What to work on →
All of the data below should be printed again exactly, pictures excluded.

------------------------------------------------

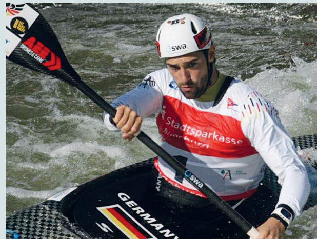
Der mehrfache Olympiamedaillengewinner und Weltmeister Hannes Aigner ist ein gebürtiger Augsburger – der Eiskanal ist seine Heimatstrecke.
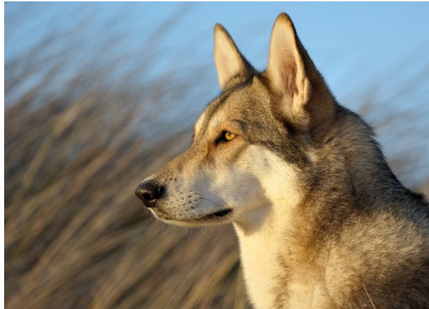
ressemblance avec le loup

de l'oeil. Chez le sujet plus âgé, la couleur jaune de l'oeil peut devenir plus foncée, mais le ton jaune d'origine persiste à travers elle. La couleur brune est un défaut.
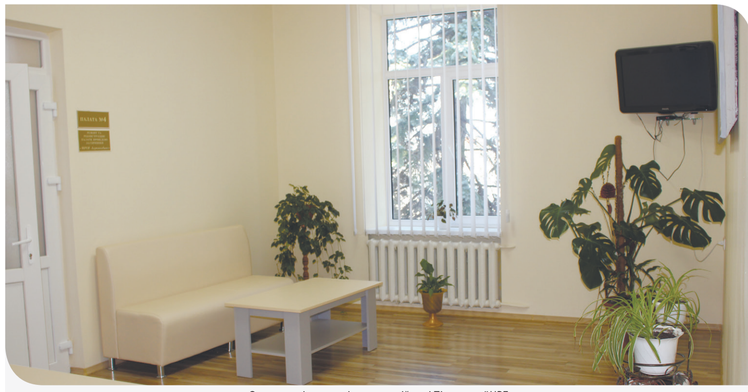
Оновлена кімната у відпочинковій зоні Підгаєцької ЦРЛ

«Контінентал» докладає усіх зусиль, аби співпраця з пайовиками була якнайбільш продуктивною для громад. У минулому році об'єднана Компанія на території 5-ти областей своєї присутності сплатила понад 34 млн грн на розвиток інфраструктури, медицини, освіти та культури, на допомогу бійцям на Сході держави та інші соціальні потреби громад. Ця сума утворена за принципом формування соціального бюджету розміром 130 грн з кожного гектара землі в обробітку Компанії. Таким чином, чим більше земель громада віддає в обробітку «Контіненталу», тим відчутнішу фінансову підтримку отримує від Компанії на втілення своїх соціальних проектів.
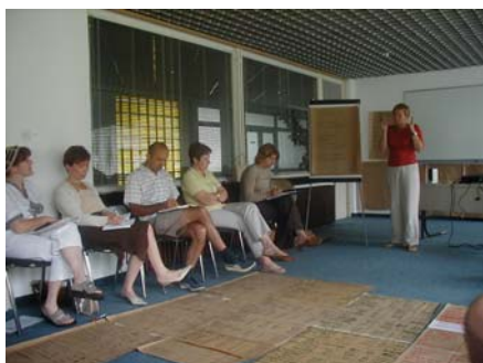
STUBIČKE TOPLICE, srpanj 2003.
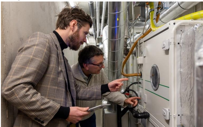
Inspectie bij de installaties van de depots

Regulier en groot onderhoud gebeurt door de VvE op basis van het Meerjarenonderhoudsplan (MJOP) wat gezamenlijk binnen de VvE is opgesteld. Jaarlijks wordt door het RAR een bedrag betaald aan de VvE voor de uitvoering van het MJOP. In het MJOP is rekening gehouden met de bouwkosten index inflatie en heeft een looptijd van 30 jaar. De Meerjarenonderhoudsbegroting (MJOB) wordt 2 jaarlijks geactualiseerd. Hierin worden uiteraard nieuwe technologische ontwikkelingen meegenomen.
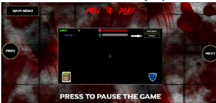
Gambar 10 How to play 6
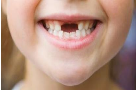
Δόντια παιδιού, νεογιλά
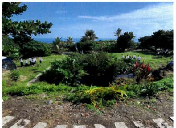
慈濟大學師生來訪
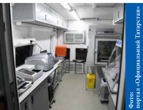
...а так внутри
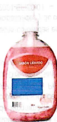
Imagen Referencial: JABÓN LIQUIDO X 1L
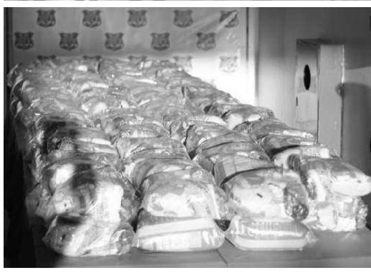
A distribuição começará neste sábado, dia 03 de julho
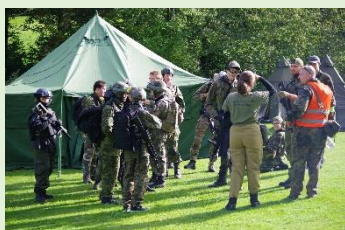
Republikové setkání airsoftových oddílů 2022 – PS Mír Domažlice
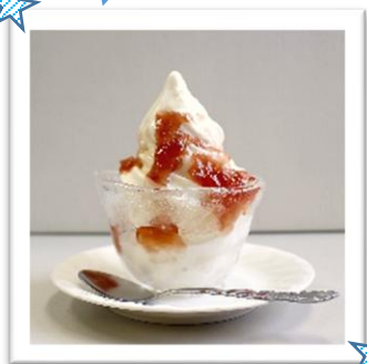
⑳みずの森オリジナル フラワーソフト ¥600

------------------------------------------------

Exercise solution →
Der mehrfache Olympiamedaillengewinner und Weltmeister Hannes Aigner ist ein gebürtiger Augsburger – der Eiskanal ist seine Heimatstrecke.
ressemblance avec le loup

de l'oeil. Chez le sujet plus âgé, la couleur jaune de l'oeil peut devenir plus foncée, mais le ton jaune d'origine persiste à travers elle. La couleur brune est un défaut.
Оновлена кімната у відпочинковій зоні Підгаєцької ЦРЛ

«Контінентал» докладає усіх зусиль, аби співпраця з пайовиками була якнайбільш продуктивною для громад. У минулому році об'єднана Компанія на території 5-ти областей своєї присутності сплатила понад 34 млн грн на розвиток інфраструктури, медицини, освіти та культури, на допомогу бійцям на Сході держави та інші соціальні потреби громад. Ця сума утворена за принципом формування соціального бюджету розміром 130 грн з кожного гектара землі в обробітку Компанії. Таким чином, чим більше земель громада віддає в обробітку «Контіненталу», тим відчутнішу фінансову підтримку отримує від Компанії на втілення своїх соціальних проектів.
STUBIČKE TOPLICE, srpanj 2003.
Inspectie bij de installaties van de depots

Regulier en groot onderhoud gebeurt door de VvE op basis van het Meerjarenonderhoudsplan (MJOP) wat gezamenlijk binnen de VvE is opgesteld. Jaarlijks wordt door het RAR een bedrag betaald aan de VvE voor de uitvoering van het MJOP. In het MJOP is rekening gehouden met de bouwkosten index inflatie en heeft een looptijd van 30 jaar. De Meerjarenonderhoudsbegroting (MJOB) wordt 2 jaarlijks geactualiseerd. Hierin worden uiteraard nieuwe technologische ontwikkelingen meegenomen.
Gambar 10 How to play 6
Δόντια παιδιού, νεογιλά
慈濟大學師生來訪
...а так внутри
Imagen Referencial: JABÓN LIQUIDO X 1L
A distribuição começará neste sábado, dia 03 de julho
Republikové setkání airsoftových oddílů 2022 – PS Mír Domažlice
⑳みずの森オリジナル フラワーソフト ¥600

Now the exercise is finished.